Effectiveness of fluoride varnish for children under three years
Fluoride varnish for children under three years probably reduces caries in milk teeth.
- Issued/Revised: 2015
In Norway three year olds gets their first free dental examination at the public dental health centre. This public dental health service is free of charge until the child turns 18. By two years of age, children are examined at the children’s public health centre (helsestasjon) and referred to public dental service when needed.
We have summarized results from nine randomized controlled trials on the effect of fluoride varnish for children up to three years.
The available documentation shows that:
- Fluoride varnish probably reduced caries in milk teeth.
- Fluoride varnish may have few or no side effects or other adverse events.
We have no information about infections or poisoning.
A Norwegian study from 2013 revealed that 13 percent of all three year olds had caries in their milk teeth’s. However, the prevalence of caries varies; many children have little or no caries, whereas some children develops more and earlier caries. Probably, preschoolers who develops caries have increased risk of developing more caries on permanent teeth’s during the school years.
In Norway three year olds get their first free dental examination at the public dental health center. This public dental health service is free of charge until the child turns 18. Children at two years of age are examined at the children’s public health center and referred to public dental service when needed. We do not know how many children are referred.
The Norwegian Directorate commissioned this systematic review. The results will be used in the development of a new evidence-based guideline for children’s public dental treatment.
We identified one systematic review about fluoride varnish for children under 16 years. The review was published by the Cochrane Collaboration and the literature search was updated in May 2013. To identify more resent trials we contacted the authors of the Cochrane-review. We also performed a systematic literature search to find new randomized controlled trials about the effects of fluoride varnish for children under three years. We searched the following databases: MEDLINE, PubMed, Embase, Cochrane CENTRAL and IS Web of Science. We searched for ongoing trials registered in the WHO International Clinical Trials Registry, without language restrictions. We read the reference list from the Cochrane-review, other overviews and guidelines to find relevant trials.
Two researchers assessed all titles and abstract independently according to the predefined inclusion criteria. All possibly relevant trials were read in full text by two researchers. Risk of bias for all trials was assessed for the new trials, whereas the risk of bias assessment from the Cochrane-review was used for the trials included there. We graded the documentation in accordance with guidance with the Cochrane -handbook.
The search for trials was conducted in June 2015. We included nine randomized controlled trials. All studies except one had two years follow-up.
Six trials reported prevented caries in surfaces of milk teeth (dmfs). The intervention groups received either fluoride varnish, fluoride varnish and counselling or a health program in addition to fluoride varnish. A meta-analysis of the six trials with 2500 children revealed that fluoride varnish prevents caries in surfaces of milk teeth with a Prevented fractions of 0.38 (0.27 – 0.49). This means 38 % fewer surfaces with caries in the fluoride varnish group. Moderate quality (⊕⊕⊕⊝).
Meta-analysis of three trials with 443 children revealed that fluoride varnish prevents caries in milk teeth (dmft) with a Prevented fractions of 0.72 (0.51 – 0.94). This means 72 % fewer teeth with caries in the fluoride varnish group. Moderate quality (⊕⊕⊕⊝).
Five trials reported on the risk of developing new caries in milk teeth.
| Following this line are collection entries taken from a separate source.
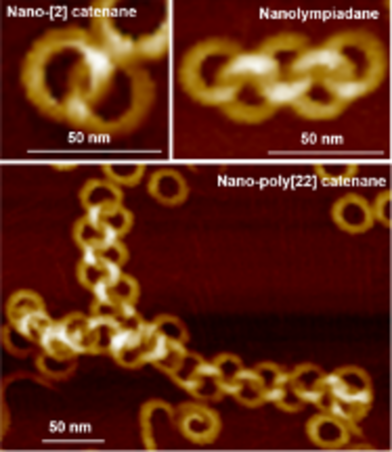 By altering the self-assembly conditions in laboratory experiments, the international research group has been able to create intricate structures, including a nano-catenane with five interlocked rings in a linear arrangement. The arrangement has been named “nanolympiadane” in homage to the [5]catenane system “olympiadane” first reported by Fraser Stoddart and colleagues in 1994, and the well-known symbol of the Olympic games. The groups were able to probe these impressive structures composed of nano-rings using atomic force microscopy, X-ray and neutron scattering.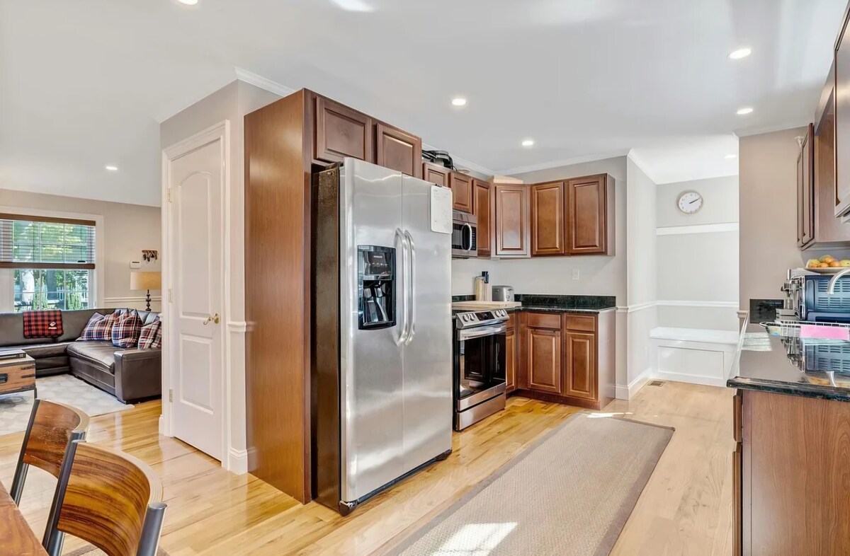The house is located on a .35 acre lot with plenty of outdoor dining space and a huge grass area with a firepit & hammock. There are 2 floors. The first floor has an open floor plan with a connecting kitchen, dining room, and living room. The kitchen is well equipped with a dish washer, electric stove/oven, refrigerator, and coffee bar. There is also a bedroom on the 1st floor with 2 full-sized beds. The 2nd floor has 3 bedrooms and a loft/den area. The three bedrooms on this floor have 1 queen bed+futon, 2 full-sized beds, and 2 twin beds (which can be made together to form a king upon request), respectively. All rooms have AC. There are 2 full bathrooms (1 on each floor) and a washer/dryer. Guests have access to the entire house and backyard area. We respect your privacy, but we are accessible if you have questions or need anything throughout your stay. Greenport was voted one of the prettiest towns in America by Forbes magazine. It has a vibrant and relaxing culture, offering access to beaches, wine tasting, and wonderful restaurants. The Shelter Island Ferry and Hampton Jitney stops are nearby. We are just a few short blocks from the Hampton Jitney stop, the LIRR station, and the Shelter Island Ferry. No car necessary - you can walk wherever you need!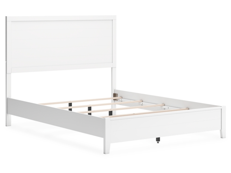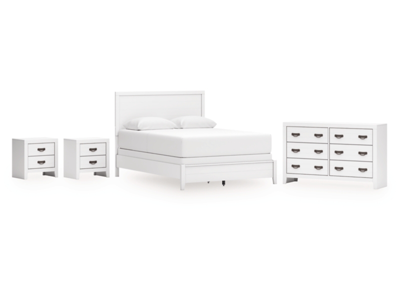 Are you a lover of casual contemporary style? Then this queen panel bed is perfect for you. The clean, white finish conveys an easy-breezy sensibility, while planked detailing enhances the design. Durable, sleek and stylish, it graces your space with timeless appeal. Dresser and 2 nightstands included.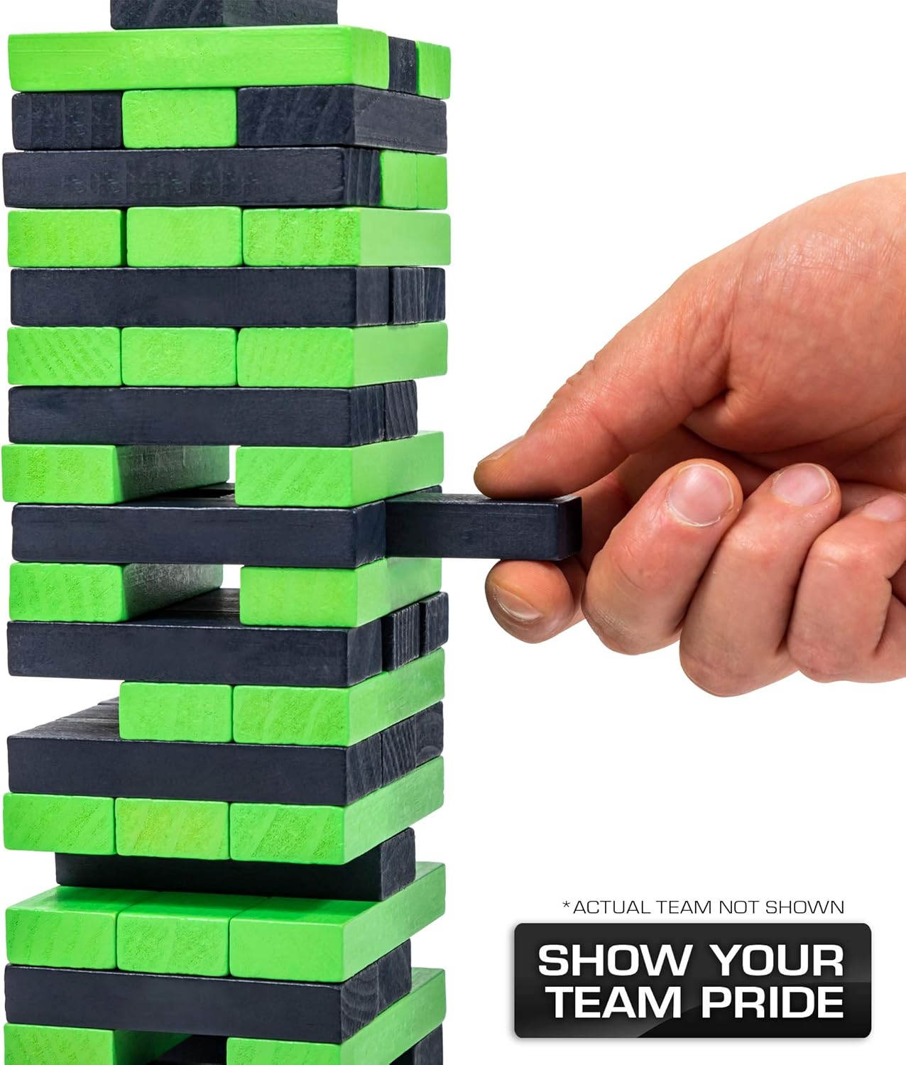 A CLASSIC JENGA GAME, IN YOUR FAVORITE NFL TEAMS – A wooden block game that challenges players to push and pull stacking blocks from the tower and strategically place them back on top. Last player standing without knocking the tower down, WINS.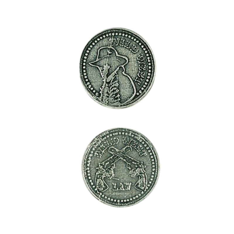 Wykonane ze stopów cynku cudowne, ciężkie monety, które przedstawiają motywy związane z dzikim zachodem.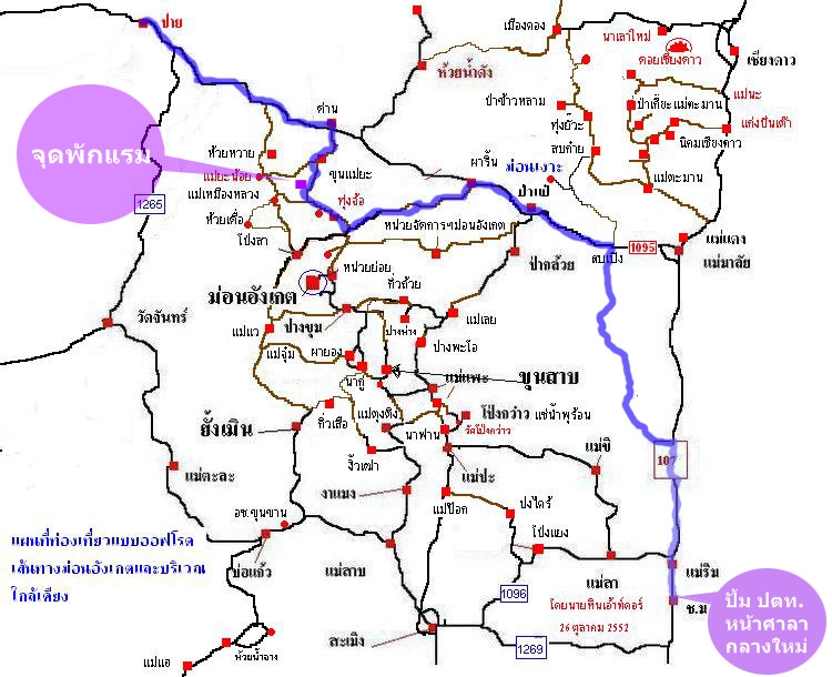 ( งานนี้ไม่มีรถปิคอัฟเซอร์วิส) เมื่อพร้อมแล้ว ออกเดินทาง ตามเส้นทางสีน้ำเงิน กินข้าวมื้เที่ยงที่บ้านป่าแป่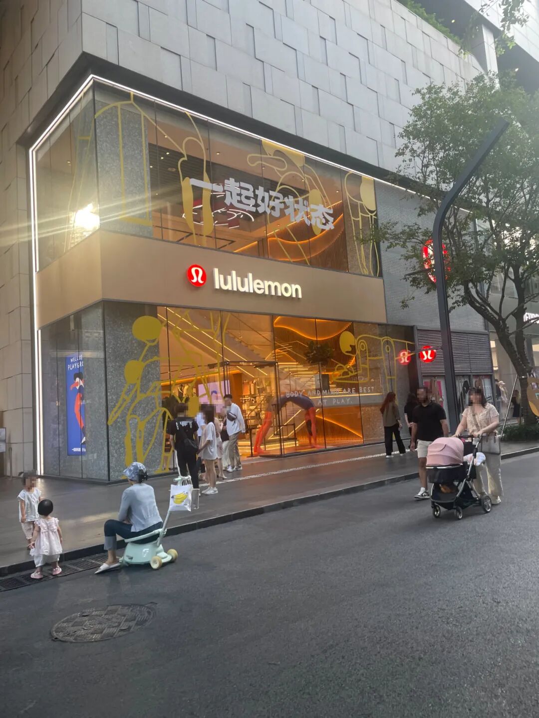 例如万象天地的开放式街区,是整个项目的核心区域,对于人流聚集、社交打卡、品牌展示等,都起着重要作用。在这条街上汇聚了UA、耐克、ON昂跑(围挡中)、始祖鸟、DESCENTE BLANC、lululemon等头部运动类品牌。

The intervention groups received either fluoride varnish or fluoride varnish and counselling. The meta-analysis of five trials with 1127 children revealed a risk reduction of new caries risk ratio: 0.75 (0.55 – 1.01)). Low quality (⊕⊕⊝⊝).
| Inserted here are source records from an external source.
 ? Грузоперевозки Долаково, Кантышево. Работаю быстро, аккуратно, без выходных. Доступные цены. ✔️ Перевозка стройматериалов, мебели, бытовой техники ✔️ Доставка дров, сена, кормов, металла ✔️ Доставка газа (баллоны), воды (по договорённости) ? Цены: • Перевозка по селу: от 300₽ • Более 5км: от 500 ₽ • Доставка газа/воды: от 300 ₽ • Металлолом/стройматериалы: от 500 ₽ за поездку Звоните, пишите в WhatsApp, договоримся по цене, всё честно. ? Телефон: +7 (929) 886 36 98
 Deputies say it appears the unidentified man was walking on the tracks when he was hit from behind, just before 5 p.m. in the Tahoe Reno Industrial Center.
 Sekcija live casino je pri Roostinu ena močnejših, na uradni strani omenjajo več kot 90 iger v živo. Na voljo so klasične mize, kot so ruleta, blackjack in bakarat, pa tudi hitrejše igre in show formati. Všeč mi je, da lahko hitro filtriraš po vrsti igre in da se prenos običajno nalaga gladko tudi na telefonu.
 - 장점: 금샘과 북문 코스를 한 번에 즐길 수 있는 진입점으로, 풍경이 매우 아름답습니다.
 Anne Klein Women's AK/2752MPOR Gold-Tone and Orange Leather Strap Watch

We do not know if fluoride varnish leads to infections or poisoning because none of the studies reported this outcome. Six trials with 2 738 children reported side effects or other adverse events. One case was reported in the placebo-group and two cases of in the fluoride varnish group. Thus, we conclude that fluoride varnish seems to have few or no side effects or other adverse events. Low quality (⊕⊕⊝⊝).
Fluoride varnish for children under three years probably reduces caries in milk teeth. None of the trails were performed in Norway, but one was performed in Sweden in the 1970’s. Fluoride varnish was used much the same way across studies. We assume no difference in effect for Norwegian children.
Our conclusion is in line with that of the authors of the Cochrane-review who concluded that fluoride varnish two to four times a year leads to a reduction of caries in both milk teeth and permanent teeth. There is a risk that relevant studies were lost in our systematic search, but we find it unlikely that any potential missing trials would have substantially changed our conclusion.
Fluoride varnish for children under three years probably reduce caries in milk teeth.